Sharing the type definitions

We set up the type definitions so they could be used as-is between the two systems, but we still needed to figure out how to share those type definitions. Ultimately, we decided to just manually synchronize the file between the two codebases.

Since making changes to it on one side almost always involves making changes on the other side (e.g. adding new handlers, or adding new message posters) this is adequate for now.

Limiting Knowledge Between Systems

We want to keep the two systems as decoupled as possible. Being able to independently deploy the web app and native app was a hard requirement for us.

The advantage of a message-based communication API is that the web app doesn't have to care how the native app will do something (like initiate a phone call) it just has to tell it "the user pressed a button to start a call" and the native app will receive that message and Do The Right Thing.

This even means that the implementation can change on one side and the other app doesn't have to be updated or re-deployed.

Coordinating Behavior Between Releases

However, there's still one more problem we ran in to that wasn't solved by the message passing system alone: when we add new features to the native app, and it expects new messages from the web app, how do we coordinate that? Take calling as an example.

When we implemented native calling, we needed the web app to send a message to the native app saying "the user wants to initiate a call with this information". Before this, however, the web app would simply pop up a modal saying "calling is not supported on this device".

We couldn't just update the web app to always send the message, because we couldn't be sure that the user had a version of the native app that was ready to receive and respond to the "start a call" message. So our web app needed to know which action to take, depending on which version of the native app it was loaded in: send the message or show a modal?

We decided to use a feature flagging system where the native app could let the web app know what to do.
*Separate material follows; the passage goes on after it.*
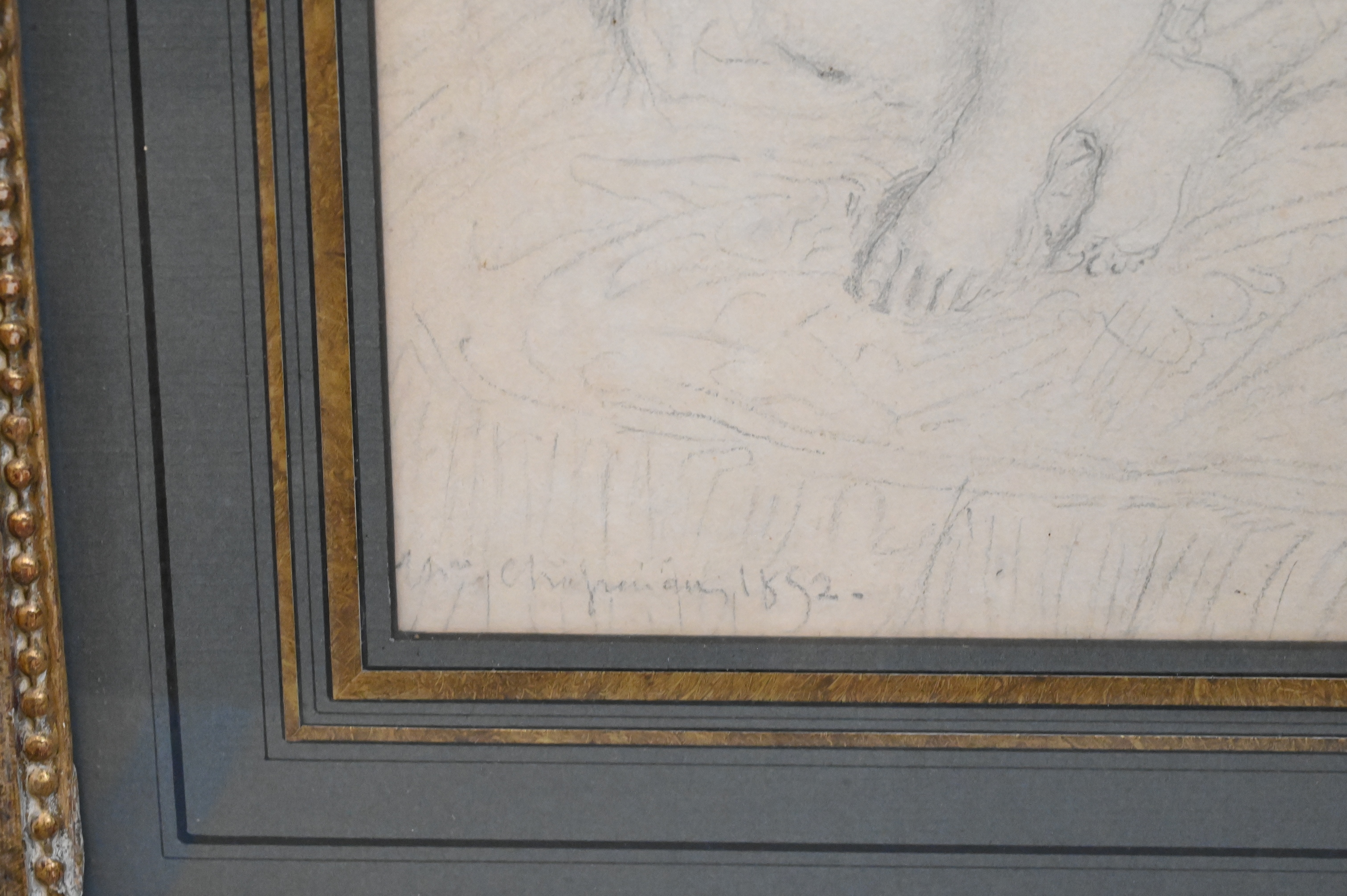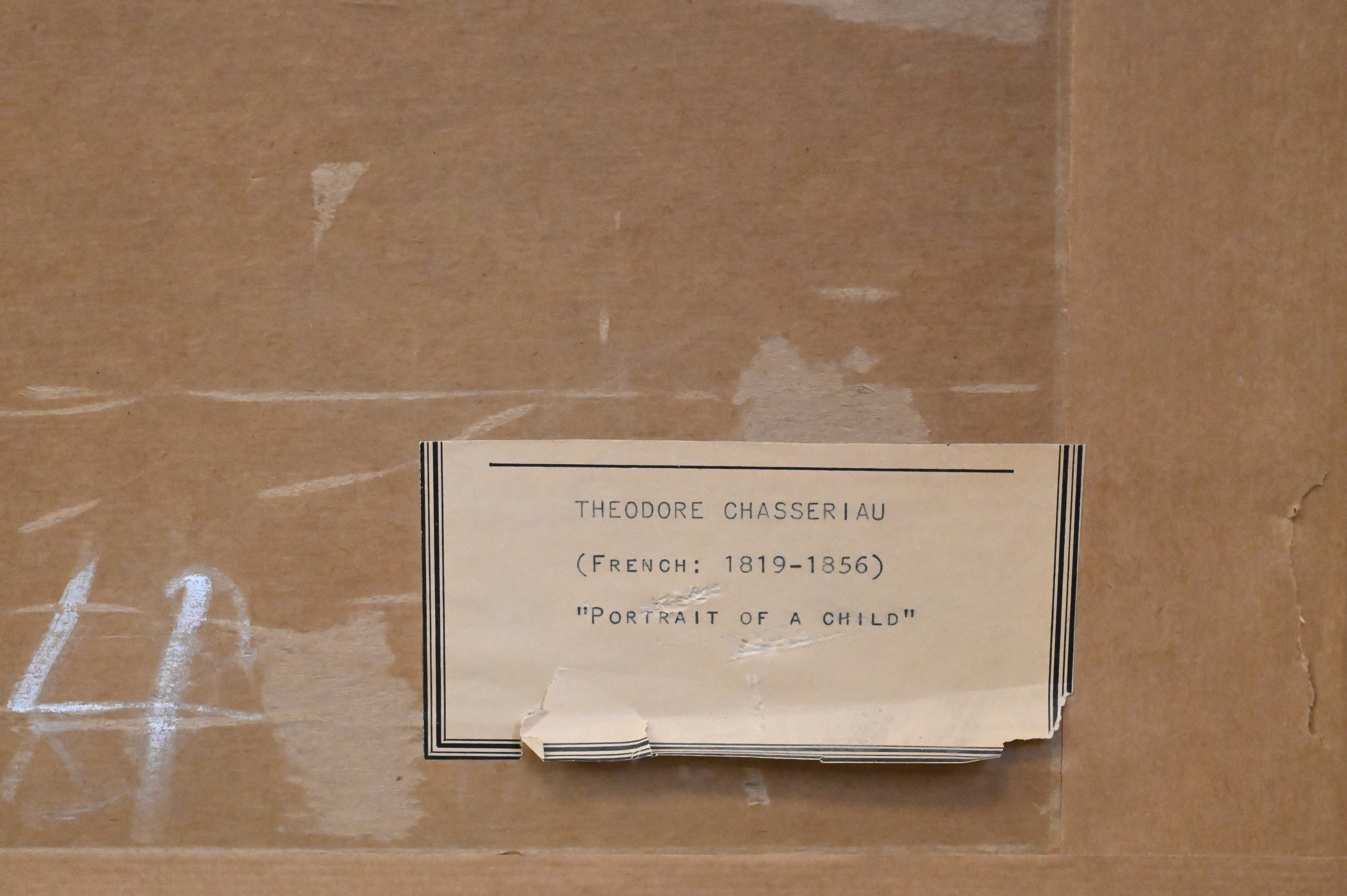 depicting a young child seated upon drapery, rendered with tender naturalism and delicate tonal shading; the drawing demonstrates Chassériau’s refined academic draftsmanship and emotional sensitivity, hallmarks of his late style bridging Romanticism and early modern portrait study

We again use React Native WebView's JavaScript injection capabilities, but this time we use it to set global variables that the web app can check.

It looks something like this:

const preScript = `
window.ReactNativeWebView.IS_CALLING_ENABLED = ${featureEnabled('calling')};
window.ReactNativeWebView.IS_SEARCH_ENABLED = ${featureEnabled('search')};
// ... etc
`;

return (
  <WebView
    injectedJavaScriptBeforeContentLoaded={preScript}
    {...otherProps}
  />
);

This then sets global variables that our web app can check whenever certain actions come up, so it might:

const makeCall = (
  leadId: string,
  contactId: string,
  phoneNumber: string
) => {
  if (window.ReactNativeWebView?.IS_CALLING_ENABLED) {
    postMessageToRN(
      'callInitiated',
       {
        leadId,
        contactId,
        phoneNumber,
      },
    );
  } else {
    // Show calling not available modal
  }
}

We then deploy our updated web app with the flag check, and then only native apps that are ready to handle calls will receive the callInitiated method.

Closing Thoughts

Having a loosely coupled, strongly typed message passing system between our native app and web app took some consideration and work, but in the end it has turned out to be a robust and pleasant way to implement new features and evolve our native app and web app without bringing any of our systems down.

If you're using a web view to in your native app, consider setting up something similar. While some things are harder to do with message passing instead of direct manipulation, the developer experience gains are well worth the trouble in those edge cases.